Thirdly, though fingolimod is pretty safe, it’s still a serious drug with the potential for some heavy-duty side effects. Not just stuff like drowsiness or a rash – but, rarely, its effects on the immune system can allow the brain to develop a severe viral brain infection called PML, which is often fatal. If people with Huntington’s disease are going to take that kind of risk, we want to be darn sure fingolimod is super-effective at relieving HD symptoms or slowing progression in most people first.

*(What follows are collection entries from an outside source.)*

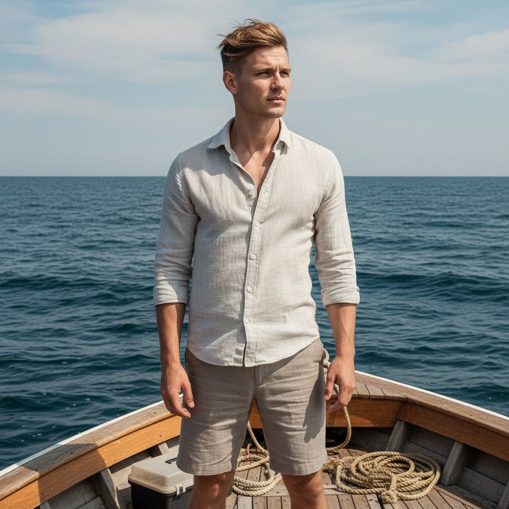 Мужчина в светлой льняной рубашке и шортах стоит на передней части рыболовной лодки, глядя вдаль на море. Ветер растрепал его волосы, а на заднем плане — необъятный морской простор. Кадр крупным планом, передающий дух свободы и приключений.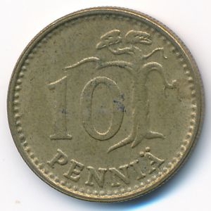 KM#46 Финляндия, 10 пенни Алюминий-Бронза, 20 мм, 3 г Категории: Растения. Дерево. Информация о выпуске (подробности в каталоге):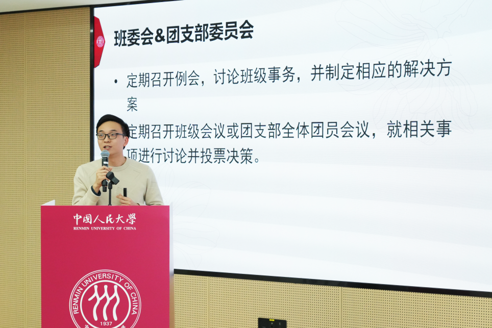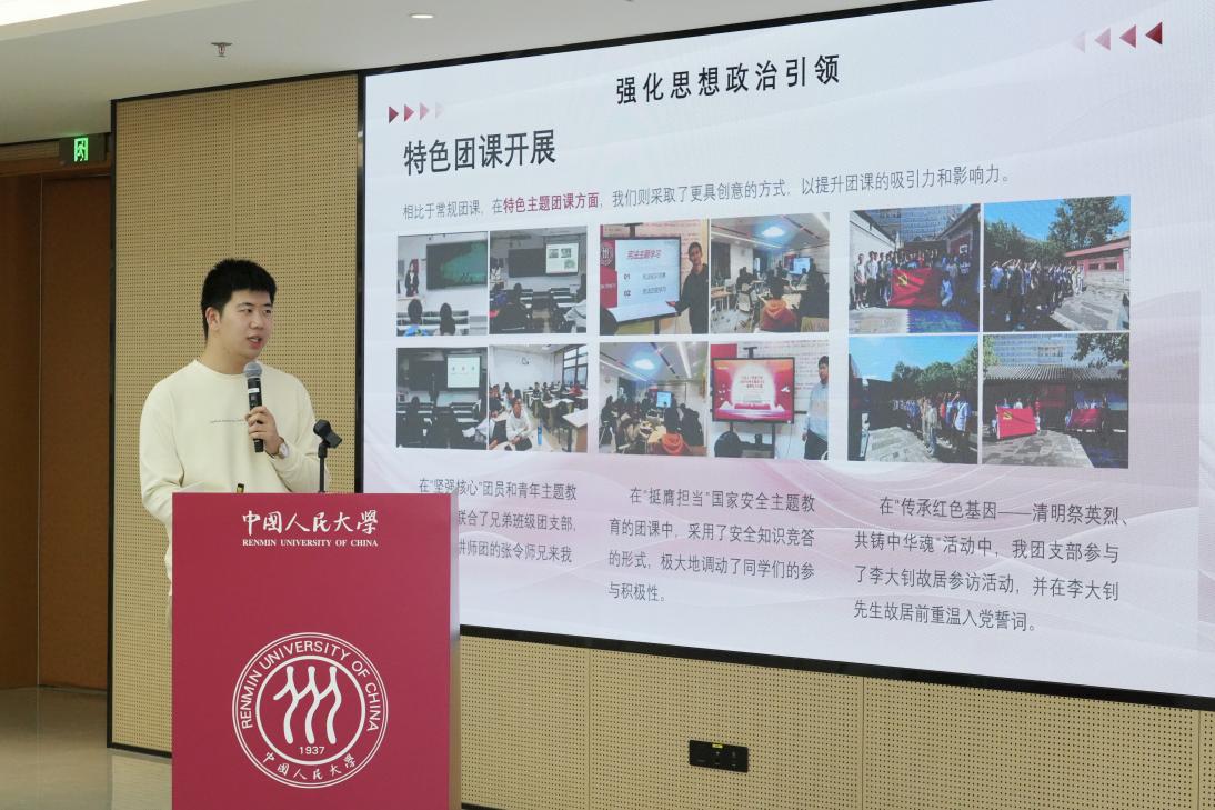 最后,张育铭为本次经验分享会作总结讲话。他高度肯定了同学们在繁忙课业的同时,仍能高质量推进班团建设的责任担当与卓有成效的工作实绩,并为大家所展现的热情与活力深感触动。他勉励同学们继续保持这份热忱与干劲,寄语2025级同学认真汲取本次分享会传递的宝贵经验,将其转化为今后开展班团工作的扎实行动与内在动力。同时,他鼓励全体班团骨干继续群策群力、锐意进取,持续激发基层活力,共同推动公司班团工作实现新发展、迈上新台阶,并欢迎大家随时沟通交流、积极建言献策。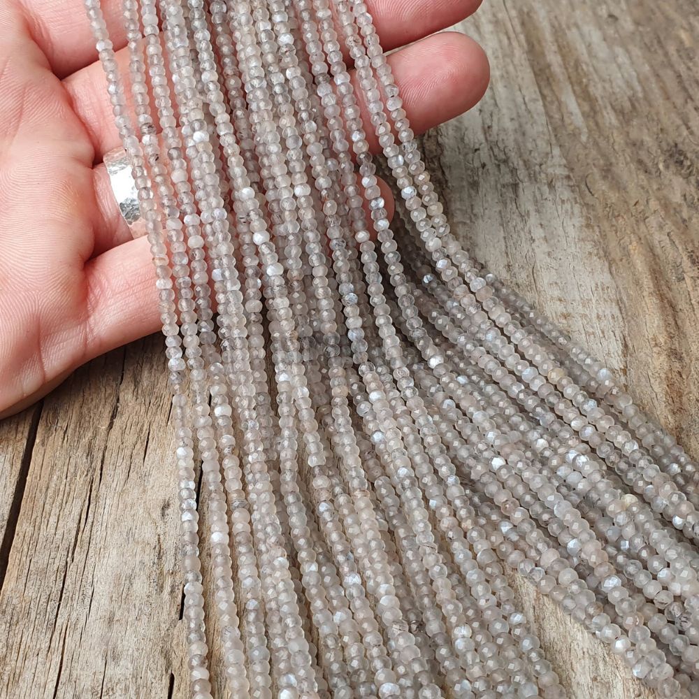- Měsíční kámen šedý korálky 3x2mm rondelky broušené šňůra

Finally, the mice in the experiments we’ve been talking about are just that: mice. Like any laboratory model, they can’t reproduce all the complexities of human Huntington’s disease. While we can still learn a lot from studying these mice, scientists will need to test fingolimod in other models before they make firm predictions about whether fingolimod could work in people.
The take-home message
It’s good news that a drug already approved for human use may be beneficial in a lab model of Huntington’s disease, because this drug could rapidly advance into human trials. For now, we suggest keeping the celebratory champagne corked until we know a lot more.